→ **STORED DATA**
::::::::

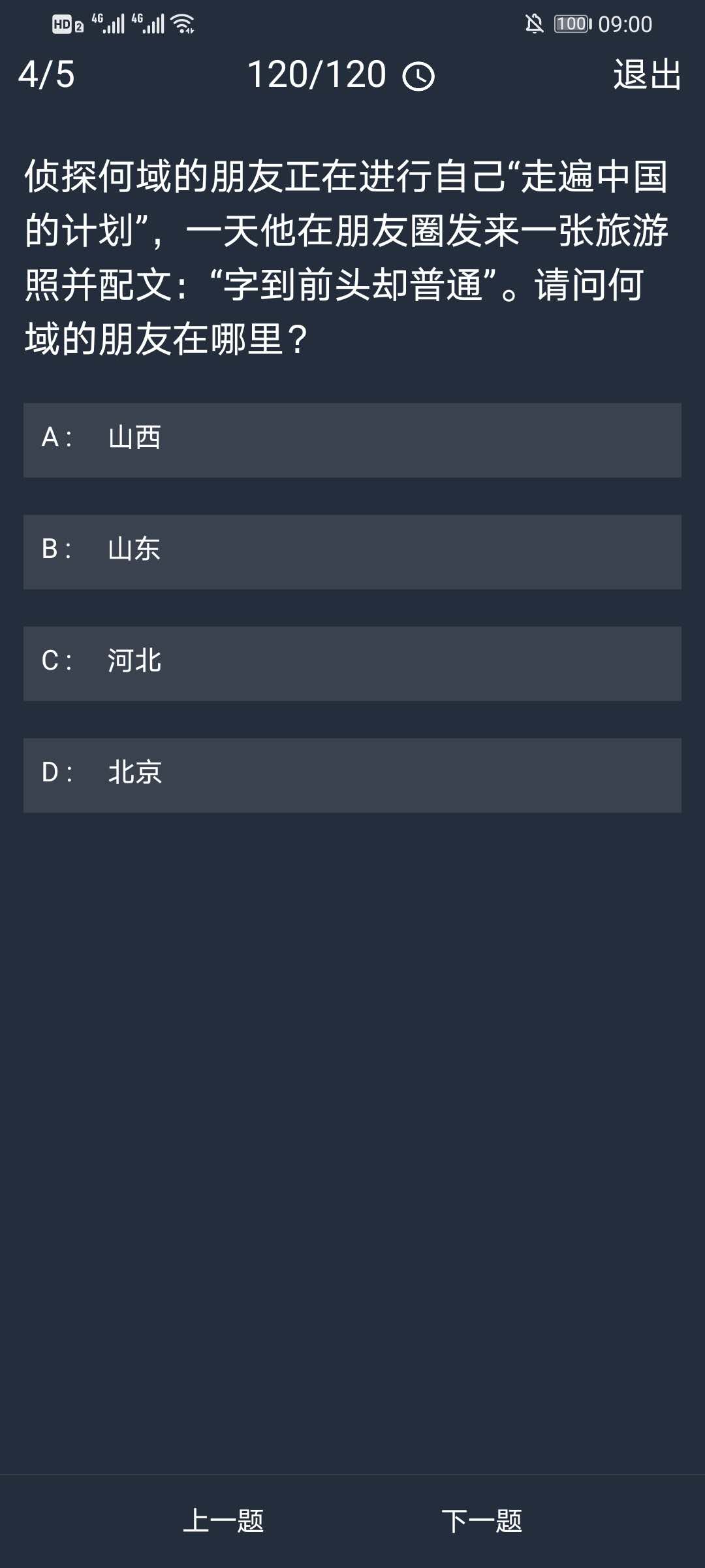 4、侦探何域的朋友正在进行自己“走遍中国的计划”,一天他在朋友圈发来一张旅游照并配文:“字到前头却普通”。请问何域的朋友在哪里?
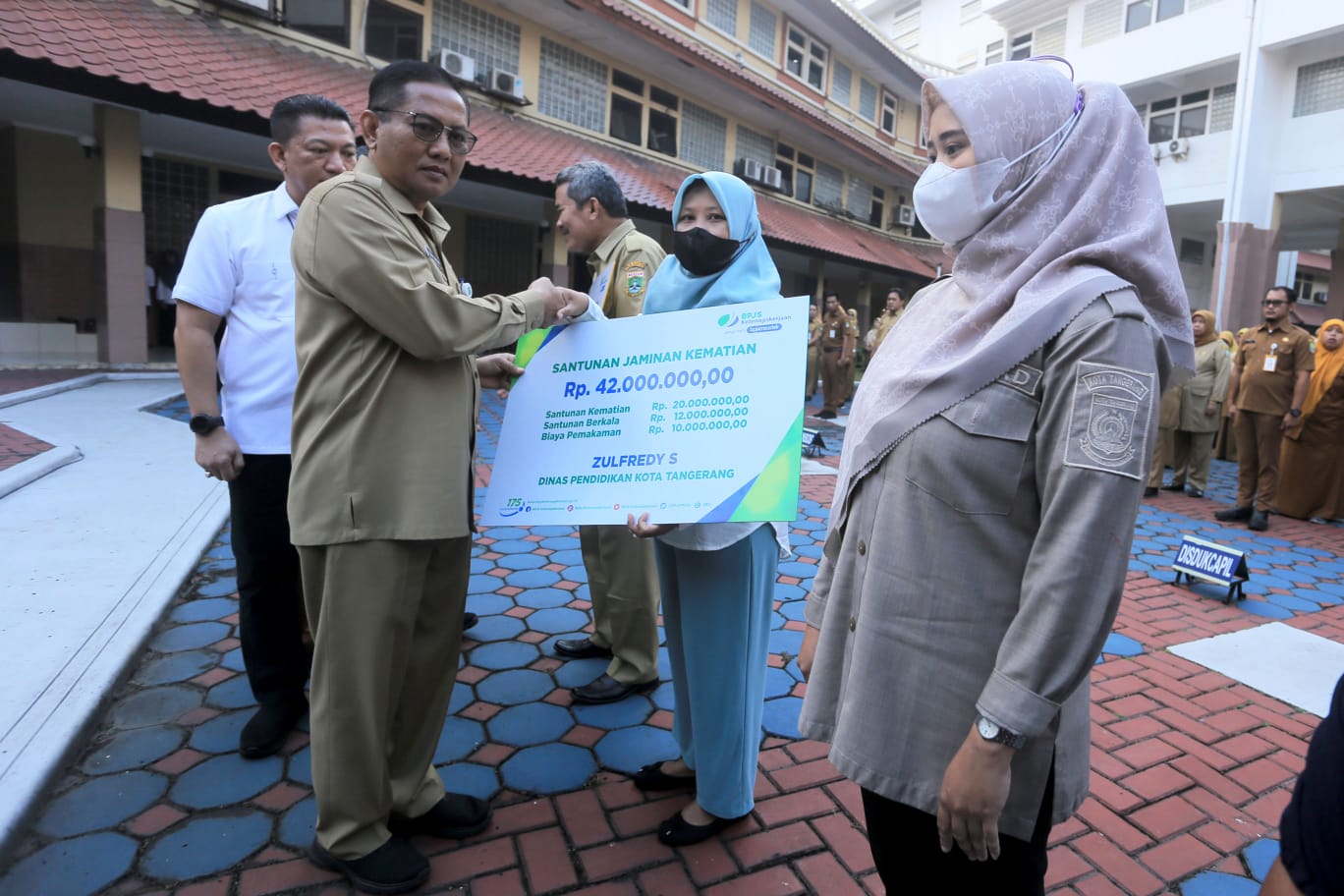 Sekretaris Daerah Kota Tangerang, H. Herman Suwarman, didampingi oleh Asisten Pemerintahan dan Kesejahteraan Rakyat, Deni Koswara, beserta Kepala BPJS Ketenagakerjaan Cabang Cikokol, Zain Setyadi, menyerahkan secara simbolis santunan jaminan kematian senilai Rp. 42.000.000,- dan jaminan kecelakaan kerja senilai Rp. 1.167.000,- kepada perwakilan keluarga Tenaga Harian Lepas (THL) di Lingkup Pemerintah Kota Tangerang saat apel pagi, Senin (24/07).
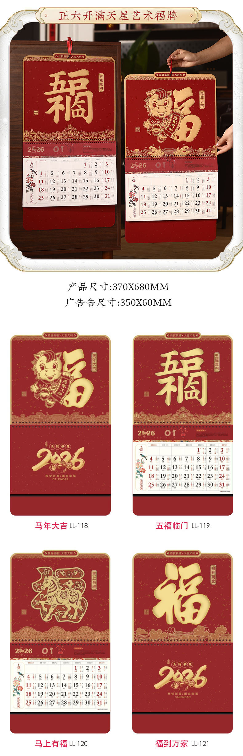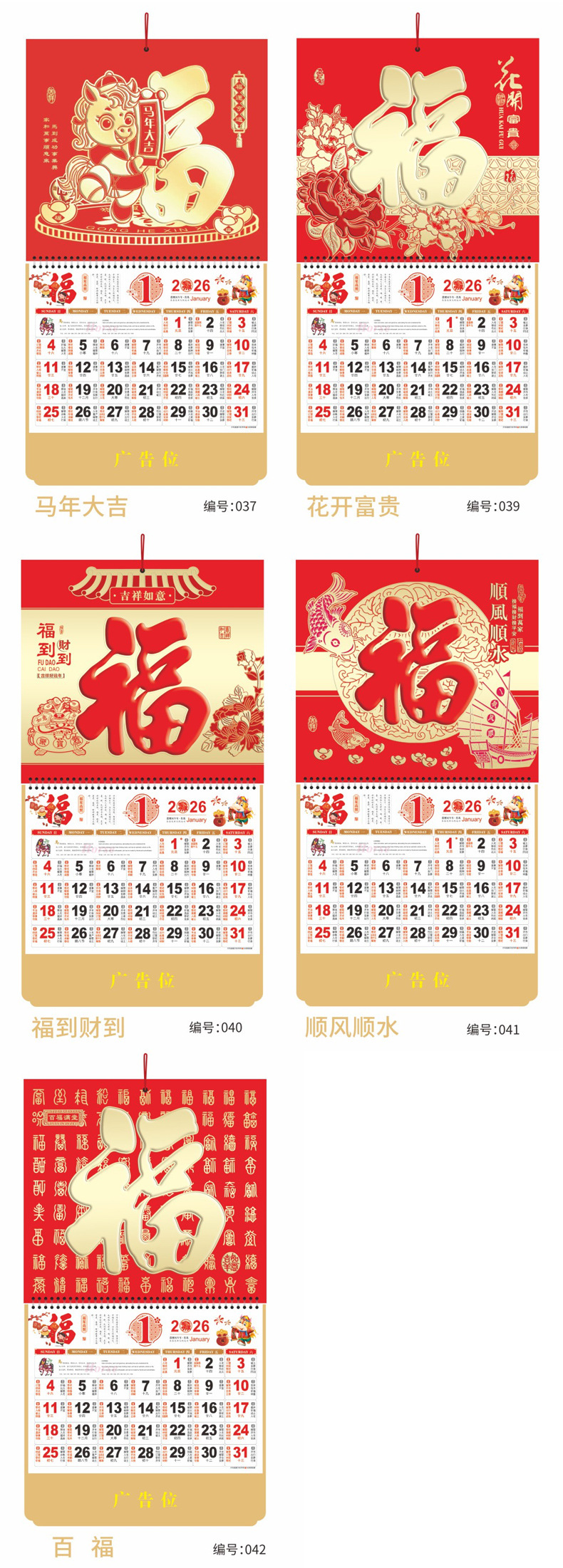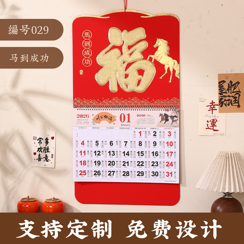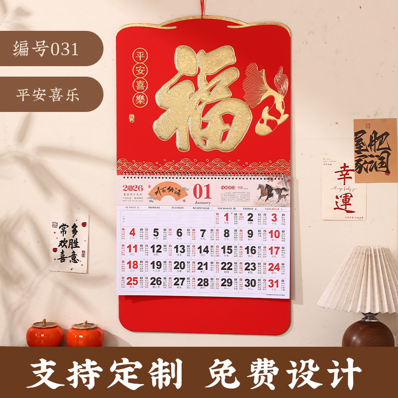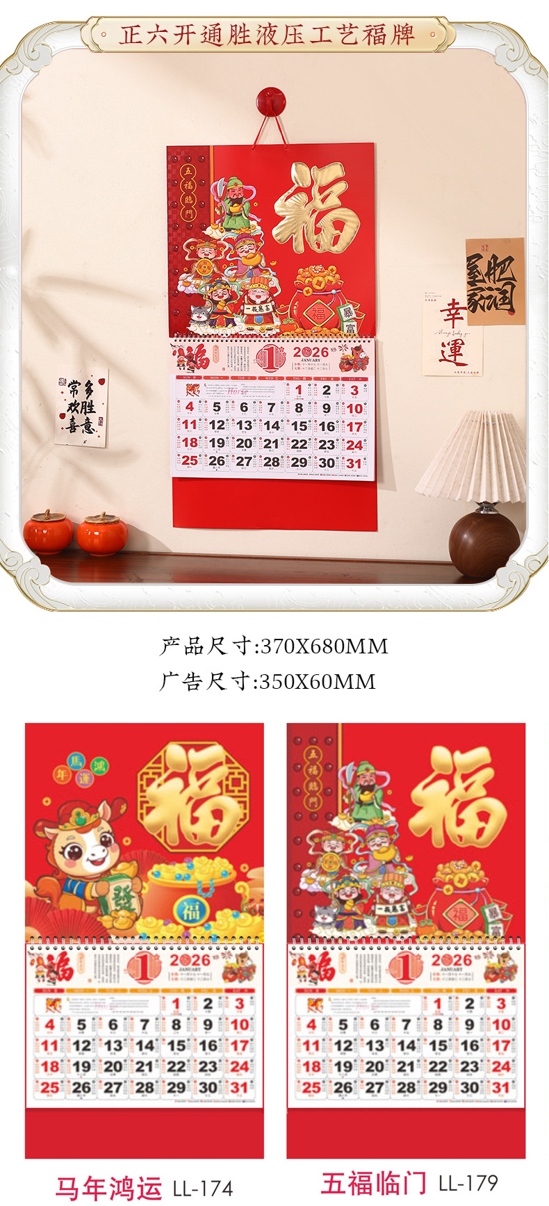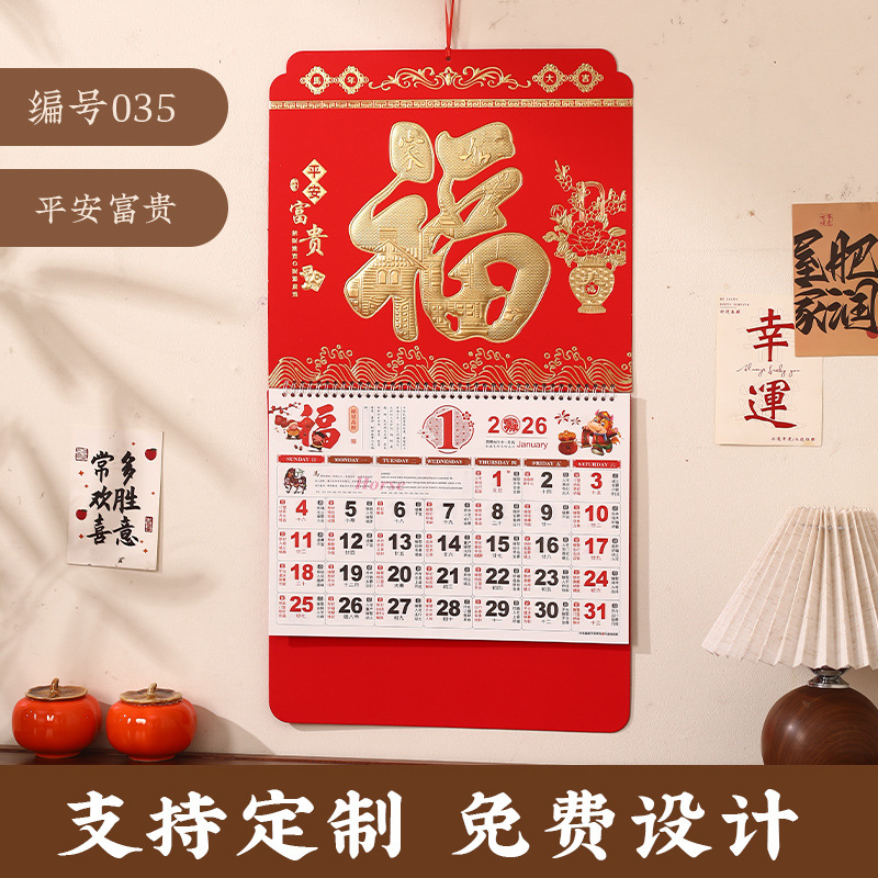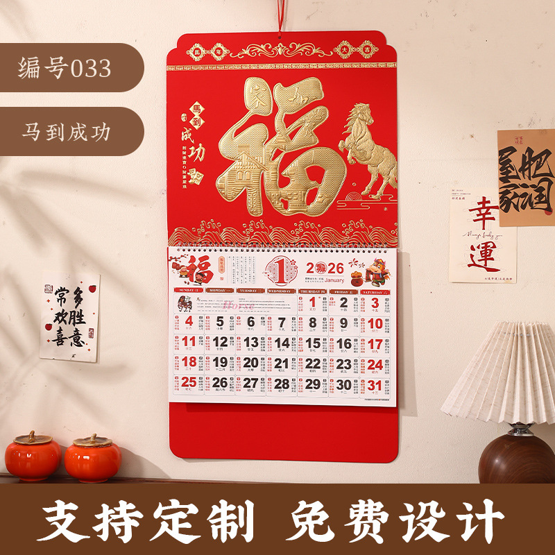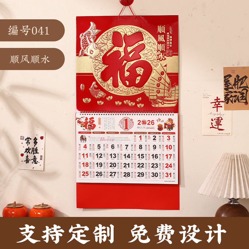 2026年福字挂历定制公司礼品手撕日历大号万年历定做创意金箔家用

::::::::

→ **WORK REQUIRED**
All pictures should be dropped; the lines from the one containing "Sekretaris Daerah Kota" through the last line of the material are to be set down exactly.

→ **EXPECTED ANSWER**
 Sekretaris Daerah Kota Tangerang, H. Herman Suwarman, didampingi oleh Asisten Pemerintahan dan Kesejahteraan Rakyat, Deni Koswara, beserta Kepala BPJS Ketenagakerjaan Cabang Cikokol, Zain Setyadi, menyerahkan secara simbolis santunan jaminan kematian senilai Rp. 42.000.000,- dan jaminan kecelakaan kerja senilai Rp. 1.167.000,- kepada perwakilan keluarga Tenaga Harian Lepas (THL) di Lingkup Pemerintah Kota Tangerang saat apel pagi, Senin (24/07).
 2026年福字挂历定制公司礼品手撕日历大号万年历定做创意金箔家用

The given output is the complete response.